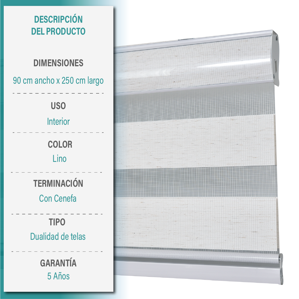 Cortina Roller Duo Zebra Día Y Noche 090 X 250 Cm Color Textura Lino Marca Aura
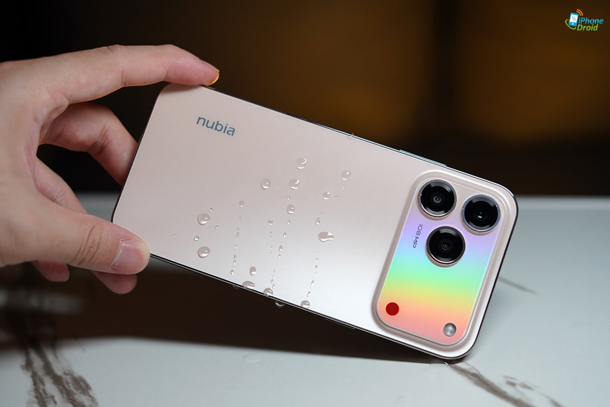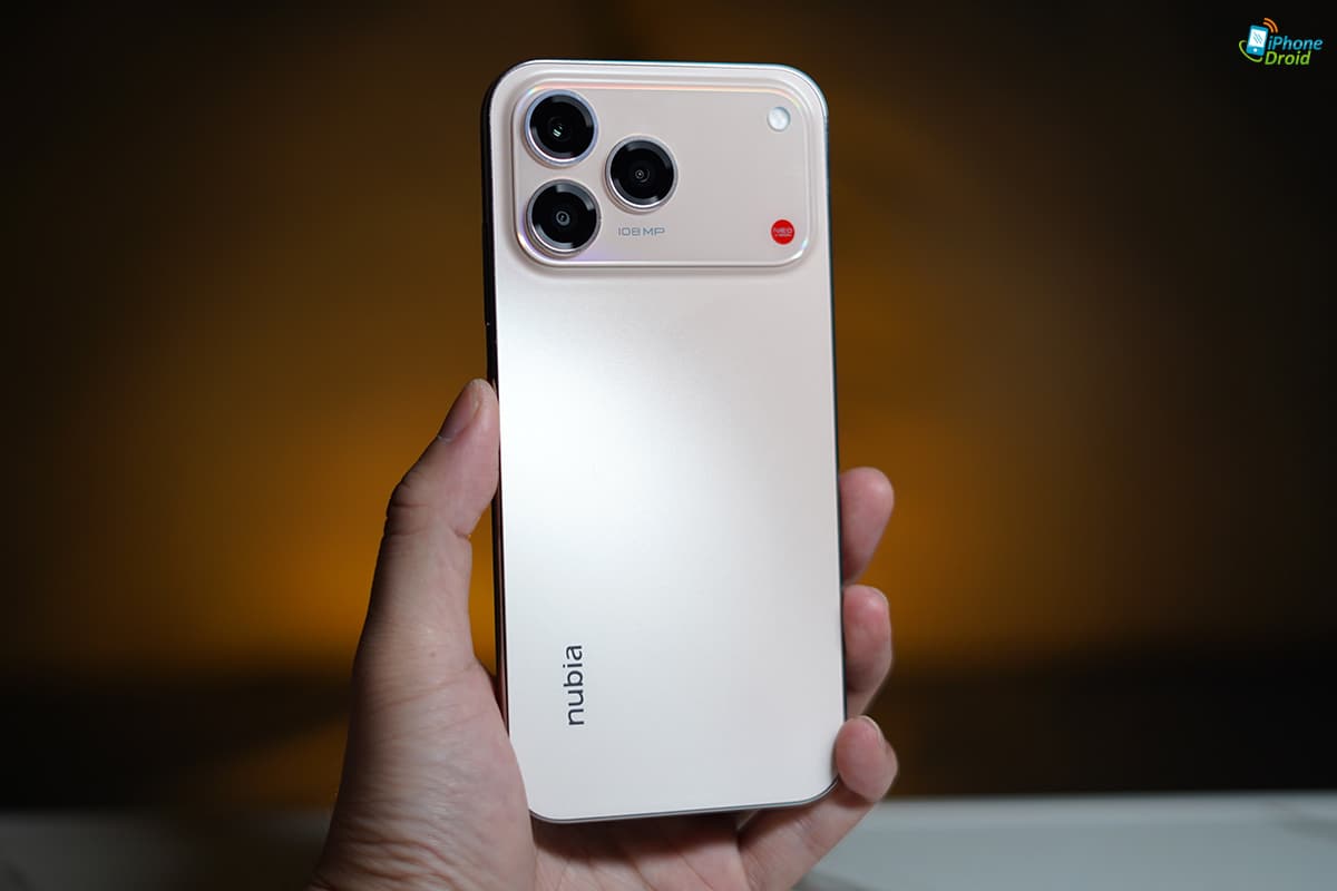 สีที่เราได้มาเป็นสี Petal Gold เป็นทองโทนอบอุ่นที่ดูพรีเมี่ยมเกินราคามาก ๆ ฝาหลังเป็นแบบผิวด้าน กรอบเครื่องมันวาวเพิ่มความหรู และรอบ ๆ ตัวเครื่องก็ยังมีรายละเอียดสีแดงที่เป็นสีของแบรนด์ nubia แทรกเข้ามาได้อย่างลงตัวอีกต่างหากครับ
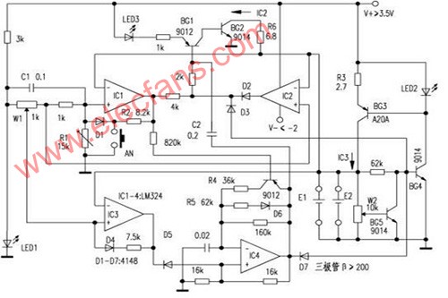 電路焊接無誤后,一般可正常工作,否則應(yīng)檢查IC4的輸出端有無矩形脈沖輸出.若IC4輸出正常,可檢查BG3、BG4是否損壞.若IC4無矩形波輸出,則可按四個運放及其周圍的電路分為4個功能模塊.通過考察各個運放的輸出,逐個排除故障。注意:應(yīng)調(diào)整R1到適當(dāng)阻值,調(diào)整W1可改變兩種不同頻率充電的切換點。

How to complete this task: The listing must be returned in full and exactly, apart from its pictures.

Answer to this task:
 Cortina Roller Duo Zebra Día Y Noche 090 X 250 Cm Color Textura Lino Marca Aura
 สีที่เราได้มาเป็นสี Petal Gold เป็นทองโทนอบอุ่นที่ดูพรีเมี่ยมเกินราคามาก ๆ ฝาหลังเป็นแบบผิวด้าน กรอบเครื่องมันวาวเพิ่มความหรู และรอบ ๆ ตัวเครื่องก็ยังมีรายละเอียดสีแดงที่เป็นสีของแบรนด์ nubia แทรกเข้ามาได้อย่างลงตัวอีกต่างหากครับ
 電路焊接無誤后,一般可正常工作,否則應(yīng)檢查IC4的輸出端有無矩形脈沖輸出.若IC4輸出正常,可檢查BG3、BG4是否損壞.若IC4無矩形波輸出,則可按四個運放及其周圍的電路分為4個功能模塊.通過考察各個運放的輸出,逐個排除故障。注意:應(yīng)調(diào)整R1到適當(dāng)阻值,調(diào)整W1可改變兩種不同頻率充電的切換點。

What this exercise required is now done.